■ Your goal
Return the lines below exactly, from the first line to the line that contains "Председатель Верховной Рады". Leave out pictures.

■ Data provided
>>>>>

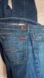 Fitted bootcut jeans with pink crystals on the back pockets make these denim pants stand out! Low cut, medium to dark wash blue jeans with lightly faded sections on front legs. Like new!
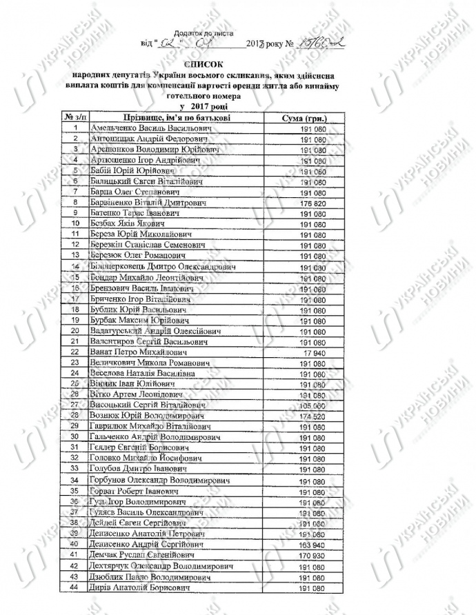 Председатель Верховной Рады Андрей Парубий и 175 депутатов получили 32,6 миллиона гривен из государственного бюджета для компенсации стоимости аренды жилья или найма гостиничного номера в 2017 году.
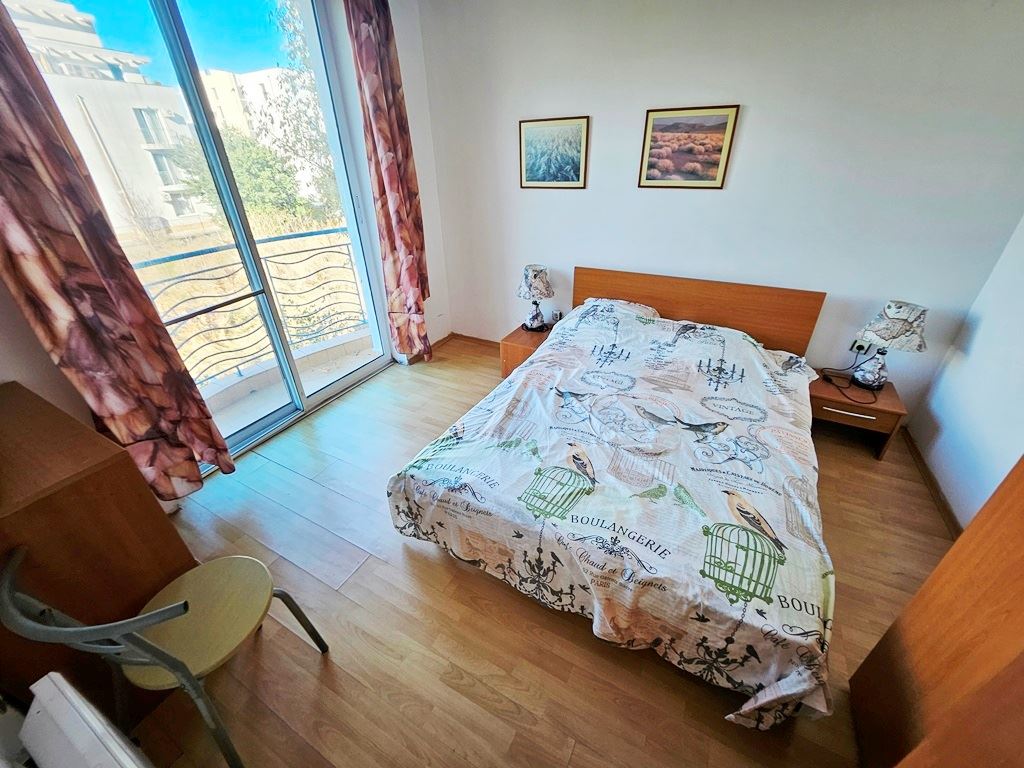 Prezentujemy jasne mieszkanie dwupokojowe z przyjemnym widokiem, położone w znanym nadmorskim kurorcie Słoneczny Brzeg. Nieruchomość znajduje się na drugim piętrze i ma łączną powierzchnię 40 m², oferując wygodną i dobrze zorganizowaną przestrzeń. Układ obejmuje salon z aneksem kuchennym i jadalnią, oddzielną sypialnię, łazienkę z toaletą oraz mały balkon z widokiem na teren kompleksu.
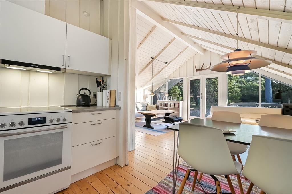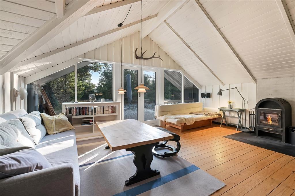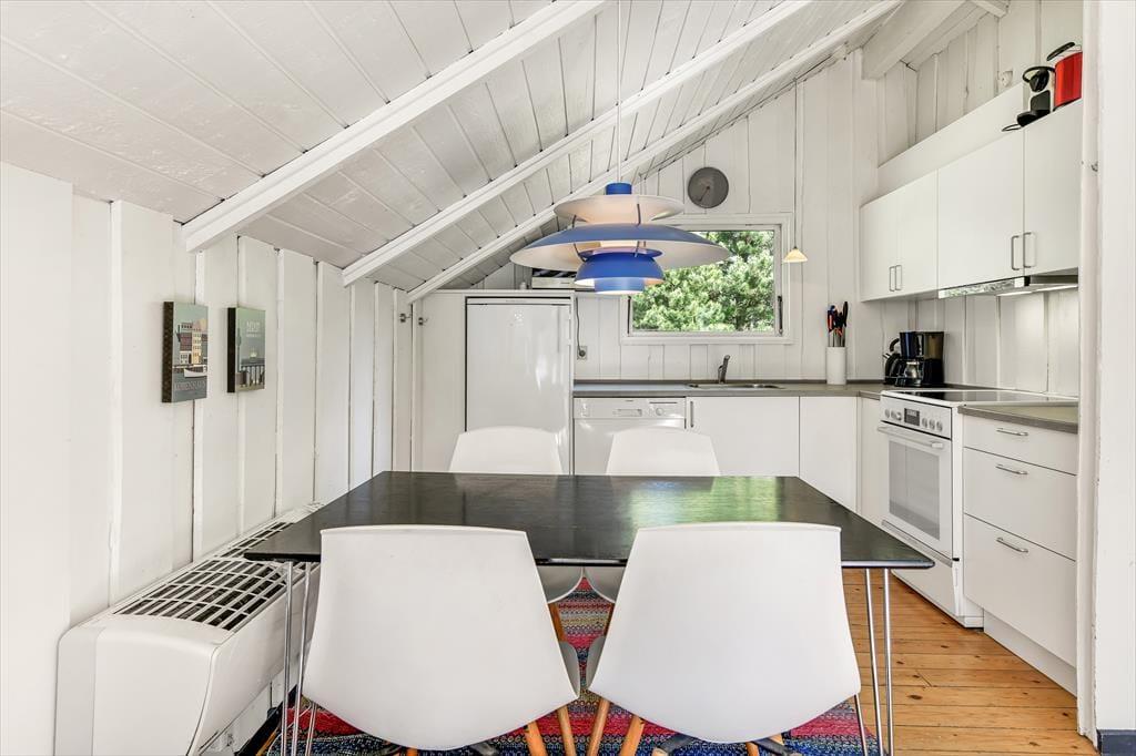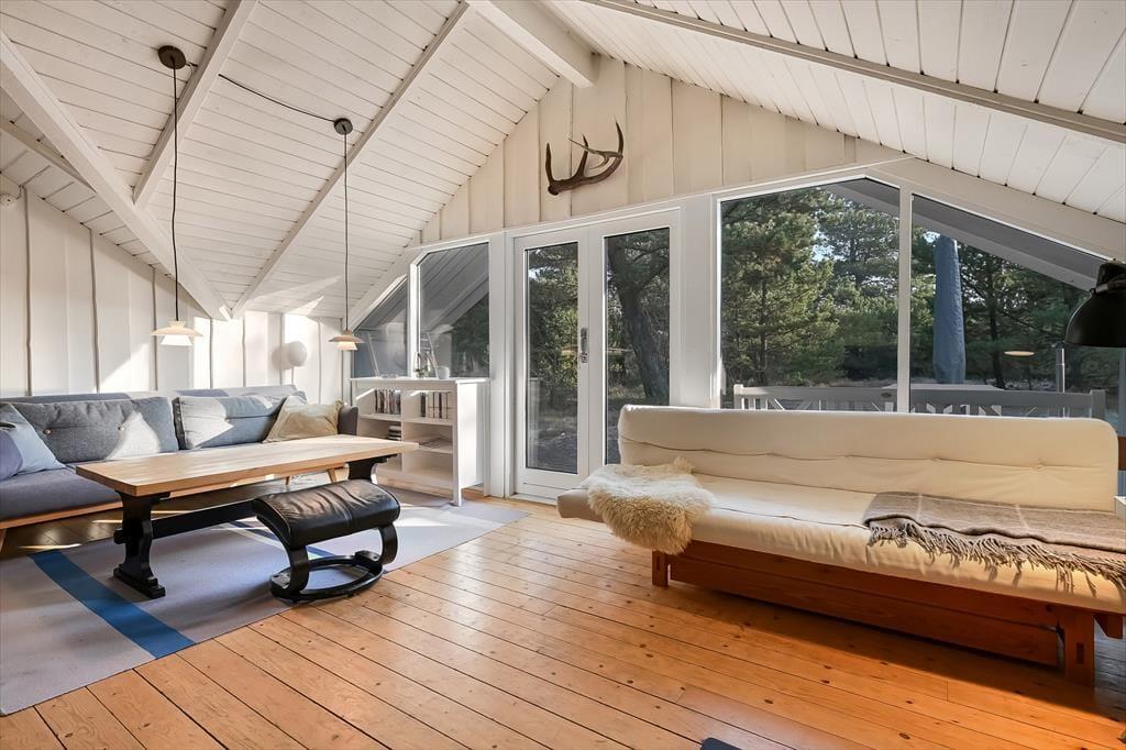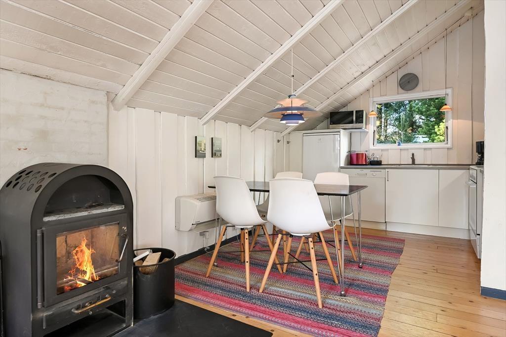 Allerede når du træder ind i huset, bliver du mødt af en lys og indbydende atmosfære. Den åbne stue med store vinduer lader det naturlige lys strømme ind og skaber en varm og venlig stemning – her får du straks lyst til at smide benene op og nyde ferien. Indretningen emmer af klassisk sommerhushygge med god plads til fællesstunder og afslapning. Her kan du bruge timevis med en god bog i lænestolen, spille kort ved spisebordet eller tænde op for hyggelyset og finde roen i stilheden, som omgiver huset. Uanset om du er her for et par dage eller flere uger, inviterer huset til at trække vejret helt ned i maven og give slip på hverdagens tempo.

<<<<<

■ Response to this exercise
 Fitted bootcut jeans with pink crystals on the back pockets make these denim pants stand out! Low cut, medium to dark wash blue jeans with lightly faded sections on front legs. Like new!
 Председатель Верховной Рады Андрей Парубий и 175 депутатов получили 32,6 миллиона гривен из государственного бюджета для компенсации стоимости аренды жилья или найма гостиничного номера в 2017 году.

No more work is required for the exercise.